Разработка AI-системы анализа ЭКГ
AI-анализ ЭКГ — одна из наиболее зрелых областей медицинского AI. Stanford AliveCor AlgoRhythm, AstraZeneca AI ECG — коммерческие продукты с FDA clearance. Но custom-разработка оправдана при специфических клинических задачах или интеграционных требованиях.
Клинические задачи ЭКГ AI
Классификация аритмий
Deep 1D CNN на 12-канальном или однокальном ЭКГ:
- Фибрилляция предсердий (AF): sensitivity 98.3%, specificity 97.5% (Stanford 2019)
- Трепетание предсердий
- Желудочковая тахикардия/фибрилляция (VT/VF) — жизнеугрожающие
- AV-блокады (I, II степени Mobiтц I/II, полная)
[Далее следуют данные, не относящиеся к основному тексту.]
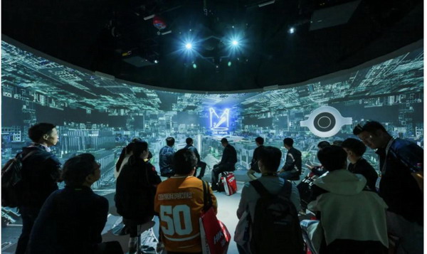 在“沉浸環(huán)宇”外墻上,2臺(tái)巴可新一代3片DLP投影機(jī)QDX配合L型短焦鏡頭拼融投影弧形屏幕,畫面寬7.2米,高2.65米,分辨率為6520×2400,即使在明亮的會(huì)場(chǎng)環(huán)境中,依然展現(xiàn)出驚艷的細(xì)膩度和卓越的色彩表現(xiàn),畫面流暢而逼真。

- Блокады ножек пучка Гиса (LBBB, RBBB)
- WPW-синдром
- Наджелудочковые тахикардии
Детекция инфаркта миокарда (ОКС)
STEMI: элевация ST — хорошо ловится правилами. NSTEMI/НСТЭМИПН: субтильные изменения, высокий пропуск у неопытных врачей. CNN+Transformer на raw ECG waveforms превосходит STEMI-criteria только подход.
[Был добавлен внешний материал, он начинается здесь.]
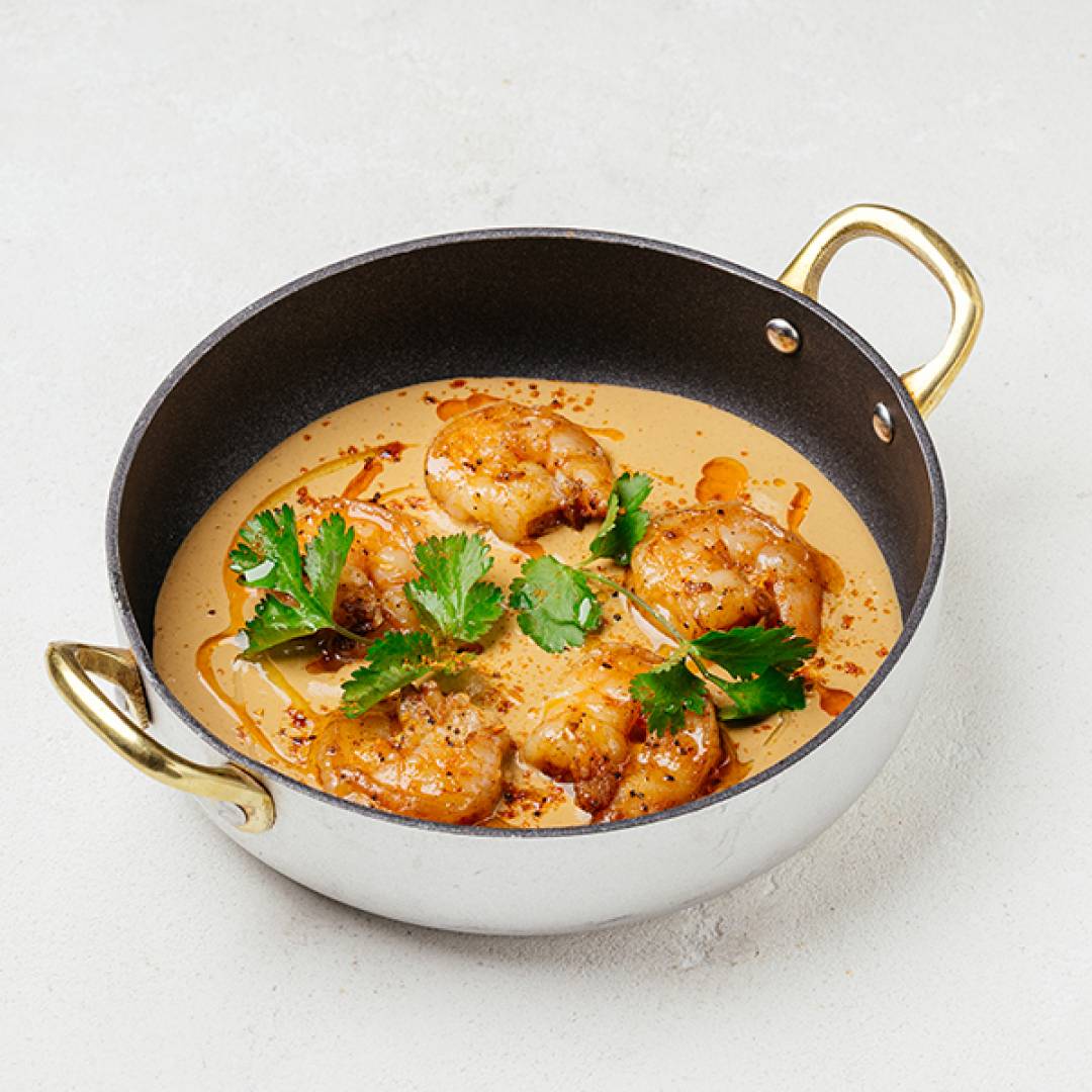 Говяжий бульон, креветки, масло аджики, кинза, сациви, лук-резанец

Гипертрофия и структурные изменения
ЭКГ как скрининг на гипертрофию ЛЖ, дилатационную кардиомиопатию, амилоидоз — состояния с характерными паттернами на ЭКГ, но для которых стандарт — ЭхоКГ. AI ЭКГ = дешёвый и повсеместный предскрининг.
Электролитные нарушения
Гипо/гиперкалиемия, гипо/гиперкальциемия дают характерные ЭКГ-паттерны. AI предсказывает уровень K⁺ из ЭКГ с MAE ~0.3 ммоль/л — потенциально полезно для мониторинга без частых анализов крови.
Архитектура модели
Предобработка сигнала
Стандартизация: 500 Hz sampling, 12 leads, 10-секундная запись = 5000 точек × 12 leads. Baseline wander removal (butterworth HPF 0.5Hz), powerline noise removal (notch 50/60Hz), R-peak detection для ритма.
Deep 1D CNN
import torch
import torch.nn as nn
class ECGNet(nn.Module):
def __init__(self, num_classes=20):
super().__init__()
# Multi-lead feature extraction
self.lead_encoder = nn.Sequential(
nn.Conv1d(12, 64, kernel_size=7, stride=2, padding=3),
nn.BatchNorm1d(64), nn.ReLU(),
nn.Conv1d(64, 128, kernel_size=5, stride=2, padding=2),
nn.BatchNorm1d(128), nn.ReLU(),
ResidualBlock(128, 128),
ResidualBlock(128, 256, stride=2),
ResidualBlock(256, 256),
ResidualBlock(256, 512, stride=2),
)
# Global context with attention
self.attention = nn.MultiheadAttention(512, num_heads=8, batch_first=True)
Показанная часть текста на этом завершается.